Abstract:Early diagnosis of lung cancer is a key intervention for the treatment of lung cancer computer aided diagnosis (CAD) can play a crucial role. However, most published CAD methods treat lung cancer diagnosis as a lung nodule classification problem, which does not reflect clinical practice, where clinicians diagnose a patient based on a set of images of nodules, instead of one specific nodule. Besides, the low interpretability of the output provided by these methods presents an important barrier for their adoption. In this article, we treat lung cancer diagnosis as a multiple instance learning (MIL) problem in order to better reflect the diagnosis process in the clinical setting and for the higher interpretability of the output.
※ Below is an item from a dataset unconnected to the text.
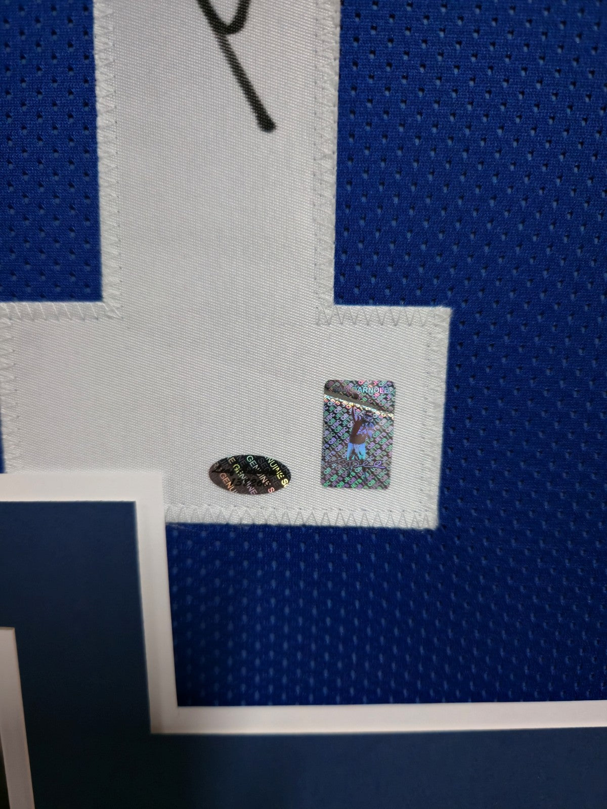 This item is professionally framed, it measures 32”x40” inside , 42”x34” outside , using UV protective Acrylic glass for safe keeping and safe transport, SUEDE team color matting, black moulding and hanging hooks on the back. All additional items in frame seen in pictures included. 100% ready to hang in your fan cave.

We chose radiomics as the source of input features and deep attention-based MIL as the classification algorithm.The attention mechanism provides higher interpretability by estimating the importance of each instance in the set for the final diagnosis.In order to improve the model's performance in a small imbalanced dataset, we introduce a new bag simulation method for MIL.The results show that our method can achieve a mean accuracy of 0.807 with a standard error of the mean (SEM) of 0.069, a recall of 0.870 (SEM 0.061), a positive predictive value of 0.928 (SEM 0.078), a negative predictive value of 0.591 (SEM 0.155) and an area under the curve (AUC) of 0.842 (SEM 0.074), outperforming other MIL methods.Additional experiments show that the proposed oversampling strategy significantly improves the model's performance. In addition, our experiments show that our method provides an indication of the importance of each nodule in determining the diagnosis, which combined with the well-defined radiomic features, make the results more interpretable and acceptable for doctors and patients.